This degree of fidelity in PCR-Invader assays is produced by the requirement for multiple oligonucleotide hybridizations in both PCR and Invader reactions and the exquisite specificity of FEN.

Genotyping of loci in regions that have a low GC content may present difficulties for some technologies (Chen et al. 1998). The test set of loci we have used in this study ranges in GC content from 24% to 68% (Table 3). There was no difference in the efficiency of genotyping as measured by the number of mistypings between conventional assays and PCR-Invader assay or as measured by the relative signal intensities for the three genotypic states (Fig. 2; Table 3).

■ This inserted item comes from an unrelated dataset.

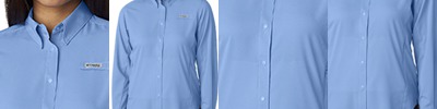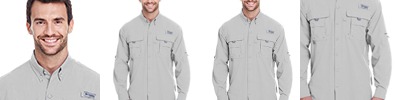 3 oz., 100% Tactel® nylon taffetta back country cloth; Quick dry; Omni-Shade™ UPF 50 sun protection; Performance fishing gear; Button-down collar; Roll-up sleeves with tab holders; Vented; Utility loop; Columbia PFG logo patch on rod holder on left chest; Embroidered Omni-Shade logo on upper left sleeve; PFG logo patch on center back;

Some of the loci under investigation were <1 kb distant from each other. PCR primers were designed so that such adjacent loci were contained in the same amplicon. In total, 12 such loci were contained in five fragments (Table 4). Each locus within a PCR fragment gave genotypes of similar quality (Fig. 2; Table 3). Therefore, the effective amount of genomic DNA used as template per assay can be reduced, perhaps to below 1 ng, by utilizing a combination of multiplex and long-range PCR. An alternative strategy to reduce initial template is to use PCR products generated from template derived from degenerate PCR amplification (Dunger et al. 1998). Preliminary results for PCR-Invader assays from such templates indicate success for some loci but more variability than seen with PCR from genomic DNA, indicating problems with PCR fidelity.

Table 4.

PCR Primer Sequences for Invader and Conventional Assays

Locus PCR primers for Invader assay Amplicon length PCR primers for conventional assay Amplicon length





Forward Reverse Forward Reverse




graphic file with name gr.8t4.jpg

Loci located within one PCR fragment are as follows aLRP5g.-11215T>A and LRP5g.-11094G>A. 

b

LRP5g.-10088G>A and LRP5g.-9693G>A. 

c

LRP5g.-5802G>C, LRP5g.-5677C>T, and LRP5g.-5264G>A. 

d

EST4c.3021-3026del, EST4c.3211G>A, and EST4c.3403G>A. 

e

IL4-Rc.1216T>C, and IL4-Rc.1902A>G. 

The successful results with the PCR-Invader assay in a 96-well format encouraged us to transfer the reactions to a 384-well format on a semiautomated platform. To evaluate the fidelity of an automated 384-well-based system, we typed a subset of nine loci. All nine assays tested in a 384-well format gave fully interpretable genotypes (Fig. 3). The average signal ratio between each allele across all nine loci is 7.53 ± 0.72 for homozygotes and 1.01 ± 0.07 for heterozygotes. This compares with values of 9.00 ± 1.53 and 1.01 ± 0.18 for the same nine loci when assayed in the 96-well format. Although the signal-to-noise ratio for homozygous individuals was slightly less in the 384-well format than in the 96-well format, the coefficient of variance (CV) was lower, 9.55% and 16.96%, respectively. This reduced variability will lead to increased confidence in scoring genotypes. Both formats showed a similar rate of assay failure, 3.03% in the 384-well format and 2.78% for the same loci in 96-well format (Table 3). Four individuals (0.14%) scored differently in a 384-well assay compared with genotypes from 96-well Invader assays or conventional typings (Table 3). Three of these cases were known heterozygotes scored as homozygotes. The fourth individual was a known homozygote typed as a heterozygote. The explanation for these variant results is probably identical between the 96- and 384-well formats, namely, a failure to deliver template to some wells and a low level of contamination between samples.

Figure 3.

Figure 3

Average ratios, ±1 s.d., from 384 individuals, of signal from common allele to rare allele for each genotype for 9 loci in 384- and 96-well formats.

DISCUSSION

The results of this study clearly indicate that the PCR-Invader assay is a useful tool for high-throughput genotyping. Successful PCR-Invader assays were developed for all of the polymorphisms in our test panel. This success compares favorably with our attempts to conventionally type the same polymorphisms with 6 of 36 (17%) remaining untyped. The accuracy of the panel of PCR-Invader assays used, 99.2%, is good; the accuracy of other SNP typing technologies is largely unknown. The failure rate of the PCR-Invader assay is relatively low, 2%–3%, and probably reflects the underlying rate of PCR failure. The failure rate is similar to that observed for DOL (Chen et al. 1998), although the failure rate for other technologies is not known. Preliminary experiments with TaqMan assays suggested between 5% and 15% failure/repeat rate depending on the SNP assay (A.J. Wilson and J.A. Todd, unpubl.).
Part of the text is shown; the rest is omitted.